Scoring is row-oriented (one patient per row); optional per-row BPTREAT and
STATIN columns override call-level defaults when present.
The model coefficients, input ranges, transformations, and missing-data
fallback paths in this file are translated from the official
AHAprevent R source and the
AHA PREVENT online calculator.
Clinical disclaimer. This software is provided for research, education, and internal analytics only. It is not a medical device, is not FDA-cleared, and must not be used as the sole basis for clinical decision making. For point-of-care use, refer patients to the official AHA PREVENT calculator.
- Background
- Installation
- Quick start
- Input schema
- How the score is computed
- Basic vs. Full model
- Output columns
- Public API
- Internal helpers
- Validation rules and missing-data behavior
- Differences from the official calculator
- Project layout
- License
- Citations
The AHA PREVENT equations were published in 2023 as a Scientific Statement and externally validated in 2024. They were developed to replace the 2013 Pooled Cohort Equations (PCE) and offer several improvements:
- Race-free — race/ethnicity is not used as an input.
- Sex-specific equations for adults aged 30–79.

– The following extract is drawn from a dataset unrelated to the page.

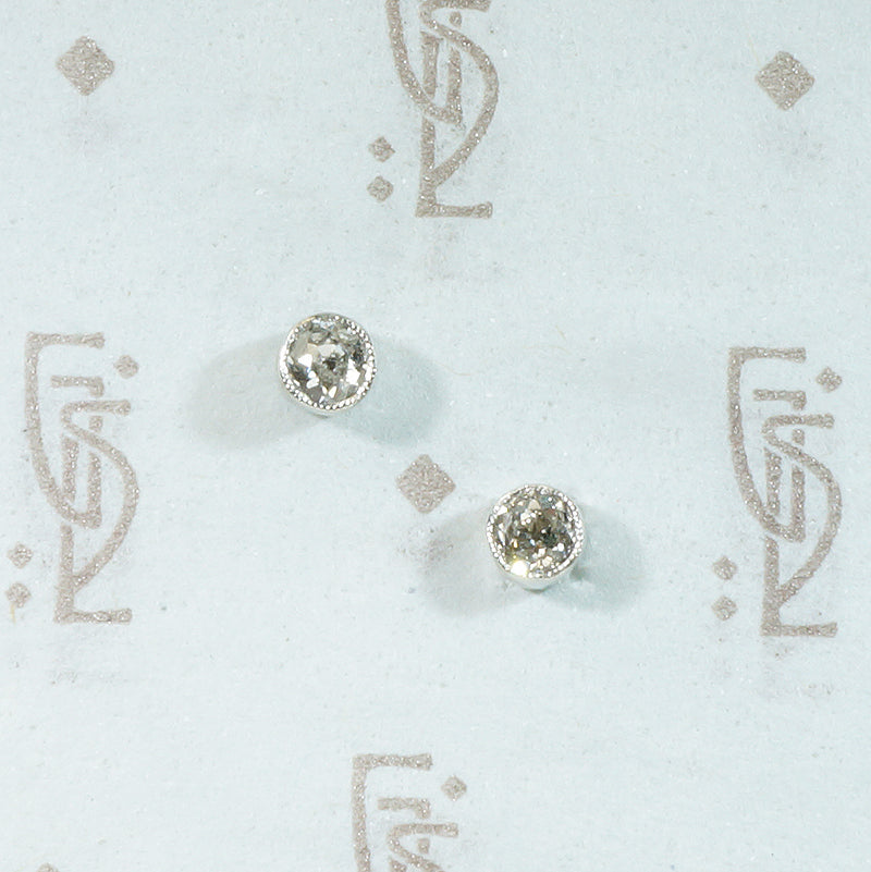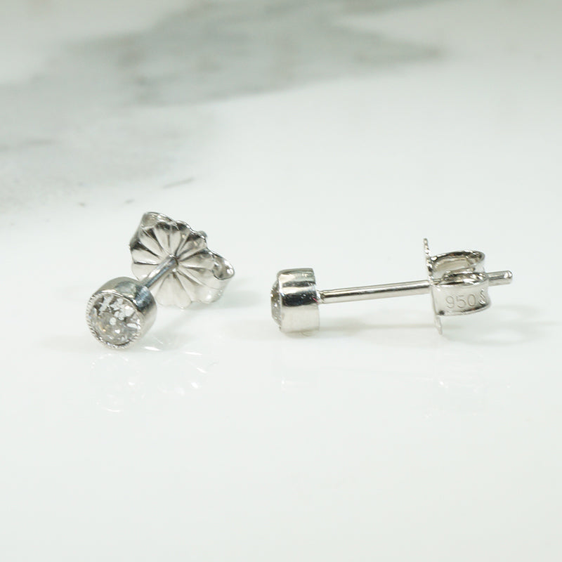 Stud earrings set with Antique Diamonds give you that classic jewelry wardrobe staple with a twist. This pair of petite beauties are in their original platinum bezels. We just added a post and back to make them into earrings. Gorgeous and ready to be your everyday earrings.

- Predict 10-year and 30-year absolute risk for total CVD, ASCVD subtypes,
and heart failure (both horizons are implemented in
compute_prevent). - Adjust for the competing risk of non-CVD death.
- Incorporate cardiovascular–kidney–metabolic (CKM) health by including estimated glomerular filtration rate (eGFR) in the base model, with optional extensions for urine albumin-to-creatinine ratio (UACR), HbA1c, and a Social Deprivation Index (SDI).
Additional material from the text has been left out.